*** DATA RECORDS

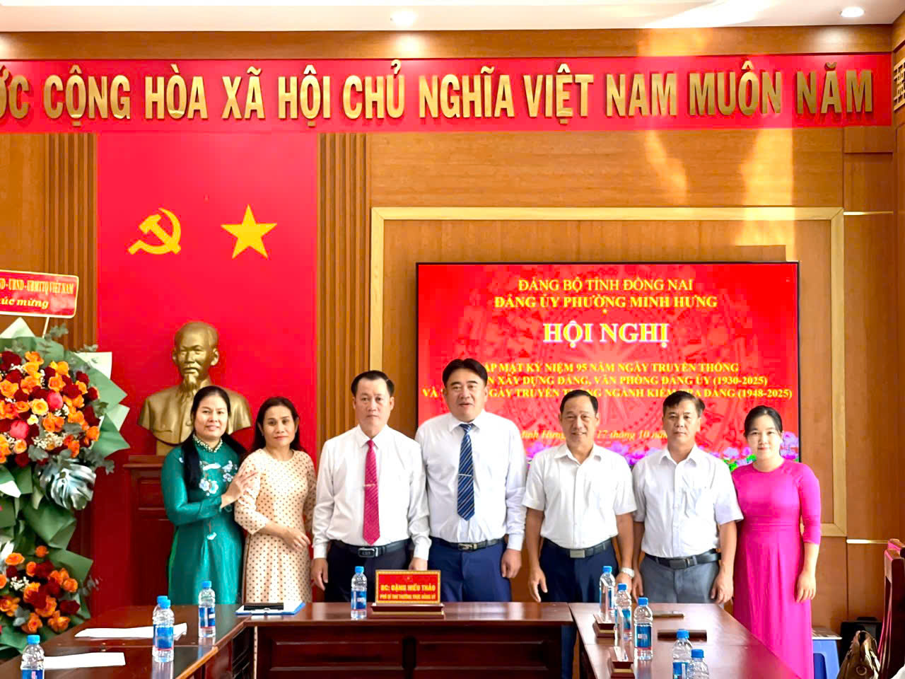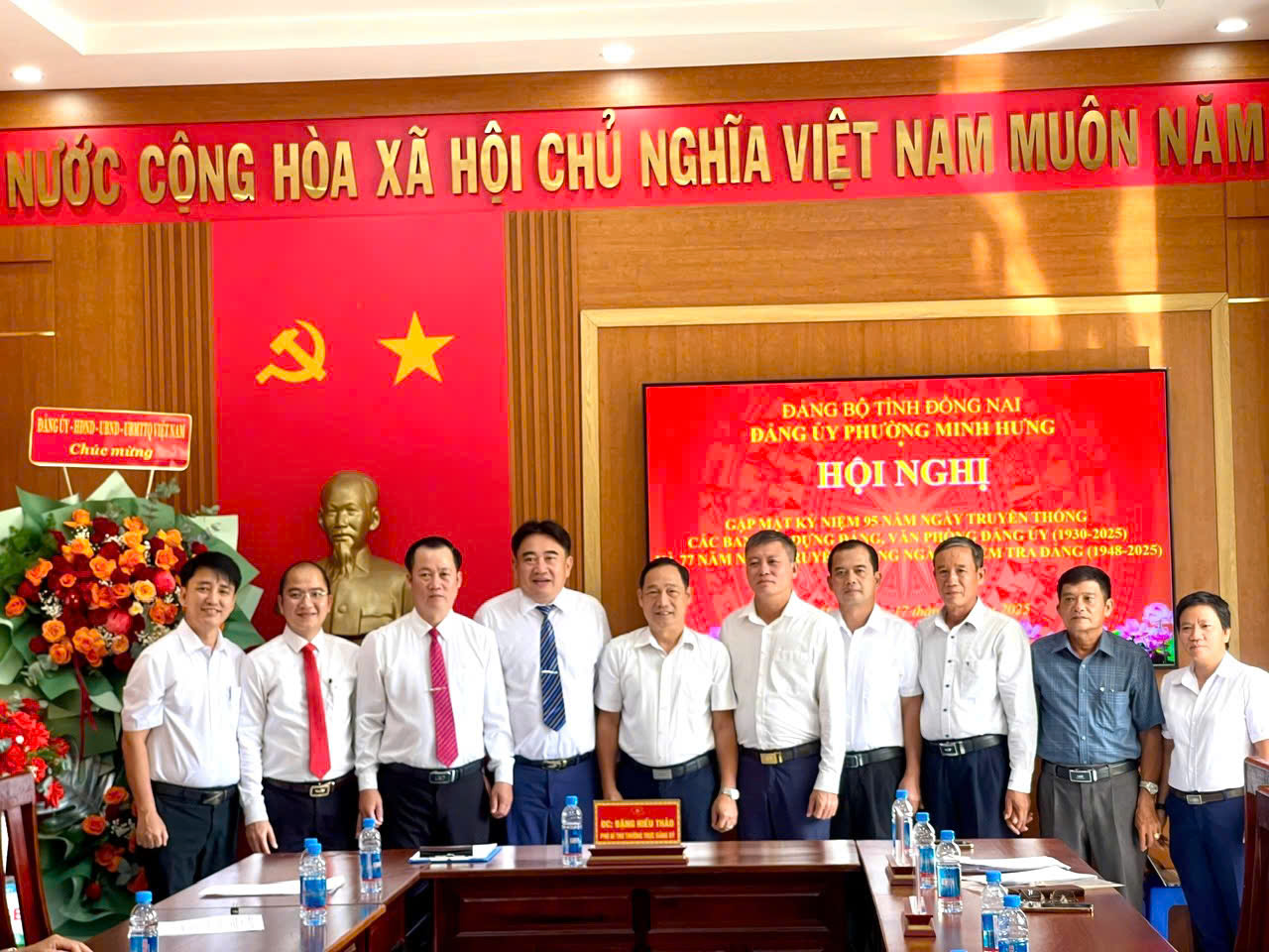Cũng tại buổi họp mặt, các đồng chí lãnh đạo ngành xây dựng Đảng, văn phòng cấp ủy và ngành kiểm tra Đảng cũng đã gửi đến các đồng chí nguyên Bí thư Thị ủy Chơn Thành; nguyên Bí thư, Phó Bí thư Đảng ủy phường Minh Hưng, phường Minh Long (trước sáp nhập) nhiệm kỳ 2020-2025 những bó hoa tươi thắm, lời tri ân chân thành và sâu sắc nhất, chúc các đồng chí luôn mạnh khỏe, hạnh phúc.
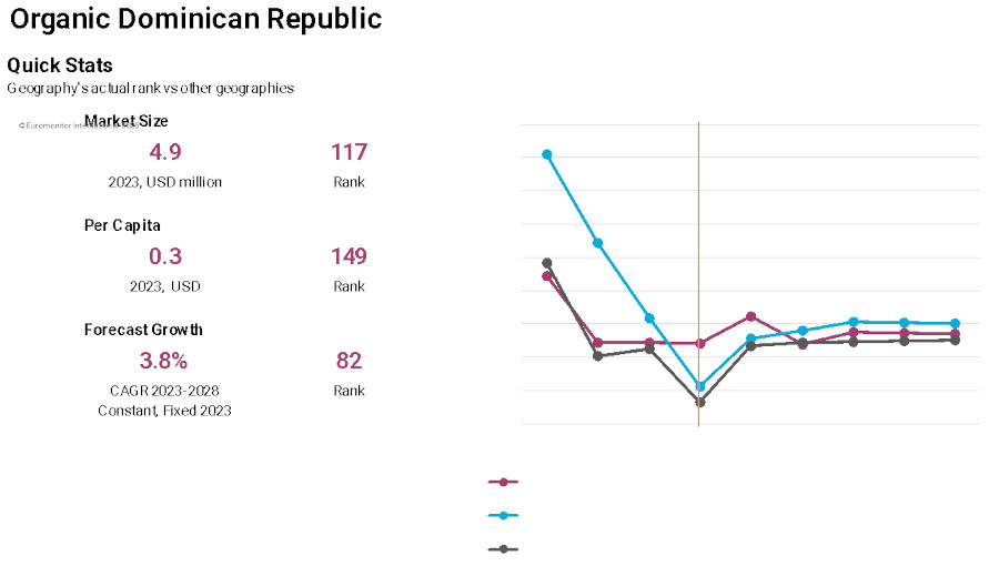 • The Dominican Republic’s Organic market remains small, ranking 19th in Latin America and 117th globally, with a market value of US$4.9 million in 2023. The country is also among the lowest in per capita consumption, ranking as the seventh smallest in Latin America. Looking ahead, the market is expected to grow at a constant CAGR of 3.8% over the forecast period, outperforming the Latin American average.
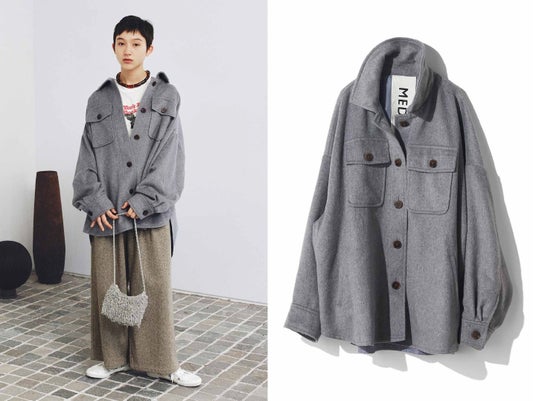 MEDE19F 起毛素材のオーバーシャツジャケット〈グレー〉
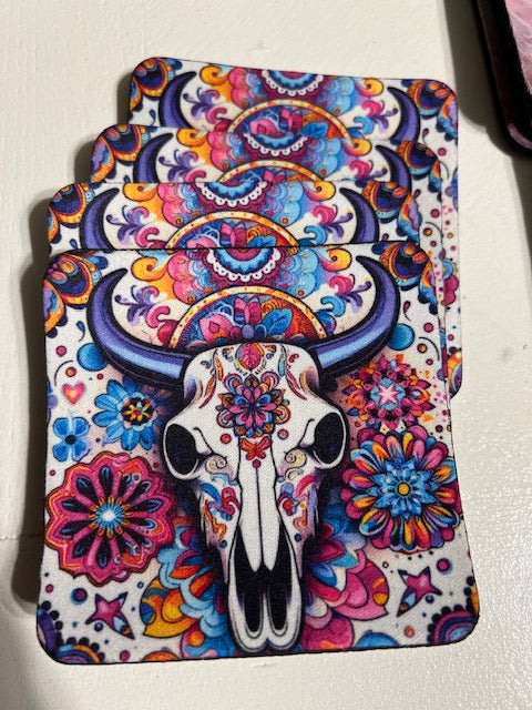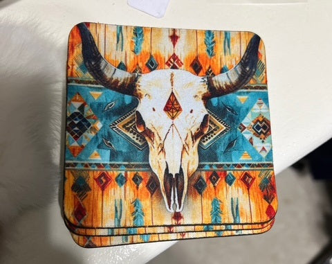 Bohemian Western Bullhead Neoprene 4 Inch Square Coasters (Set of 4) 0163
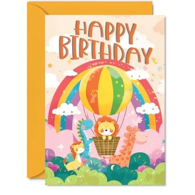 Birthday Card Girls Boys Hot Air Balloon Rainbow Happy for Girl Boy Kids, A5 Bday Animal Greeting Cards
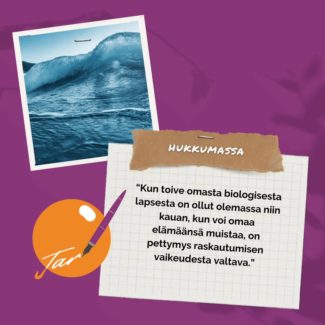 Olen yrittänyt elää vastuullisesti ja tehnyt paljon töitä sen eteen, että voisin edes harkita lasten hankkimista, jotta lapsillani olisi mahdollisimman hyvät lähtökohdat tähän elämään, itse kun en näitä ole saanut. Kun vihdoin tulee se hetki, että toive lapsen hankkimisesta konkretisoituu, on pettymyksen tunteet sanoinkuvaamattoman suuria, kun toiveet eivät toteudukaan.
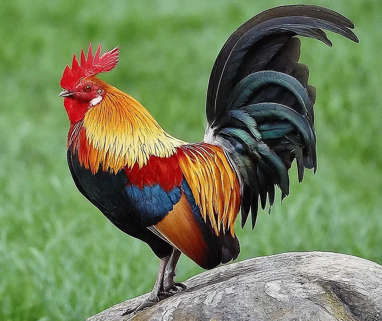 Ανάμεσα στις εκατοντάδες αυτές κότες κυκλοφορούν και οι πετεινοί, ζωηροί και περήφανοι. Σε κάθε κοπάδι έχει και καμιά 10/ριά πετεινούς, οι οποίοι επιβλέπουν και πότε – πότε μαλώνουν μεταξύ τους για την αρχηγία.
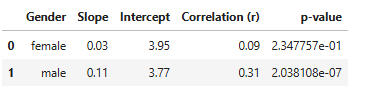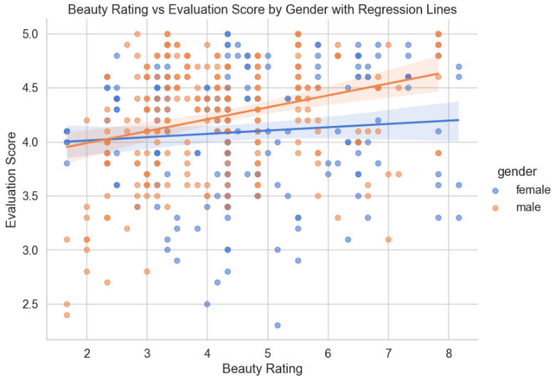 Slope:* Female: 0.03 → For each 1-unit increase in beauty rating, average evaluation increases by only 0.03 points (very small effect).

******

> REQUIRED WORK: For your answer, write out the data exactly and drop every picture.

> TASK ANSWER:
Cũng tại buổi họp mặt, các đồng chí lãnh đạo ngành xây dựng Đảng, văn phòng cấp ủy và ngành kiểm tra Đảng cũng đã gửi đến các đồng chí nguyên Bí thư Thị ủy Chơn Thành; nguyên Bí thư, Phó Bí thư Đảng ủy phường Minh Hưng, phường Minh Long (trước sáp nhập) nhiệm kỳ 2020-2025 những bó hoa tươi thắm, lời tri ân chân thành và sâu sắc nhất, chúc các đồng chí luôn mạnh khỏe, hạnh phúc.
 • The Dominican Republic’s Organic market remains small, ranking 19th in Latin America and 117th globally, with a market value of US$4.9 million in 2023. The country is also among the lowest in per capita consumption, ranking as the seventh smallest in Latin America. Looking ahead, the market is expected to grow at a constant CAGR of 3.8% over the forecast period, outperforming the Latin American average.
 MEDE19F 起毛素材のオーバーシャツジャケット〈グレー〉
 Bohemian Western Bullhead Neoprene 4 Inch Square Coasters (Set of 4) 0163
 Birthday Card Girls Boys Hot Air Balloon Rainbow Happy for Girl Boy Kids, A5 Bday Animal Greeting Cards
 Olen yrittänyt elää vastuullisesti ja tehnyt paljon töitä sen eteen, että voisin edes harkita lasten hankkimista, jotta lapsillani olisi mahdollisimman hyvät lähtökohdat tähän elämään, itse kun en näitä ole saanut. Kun vihdoin tulee se hetki, että toive lapsen hankkimisesta konkretisoituu, on pettymyksen tunteet sanoinkuvaamattoman suuria, kun toiveet eivät toteudukaan.
 Ανάμεσα στις εκατοντάδες αυτές κότες κυκλοφορούν και οι πετεινοί, ζωηροί και περήφανοι. Σε κάθε κοπάδι έχει και καμιά 10/ριά πετεινούς, οι οποίοι επιβλέπουν και πότε – πότε μαλώνουν μεταξύ τους για την αρχηγία.
 Slope:* Female: 0.03 → For each 1-unit increase in beauty rating, average evaluation increases by only 0.03 points (very small effect).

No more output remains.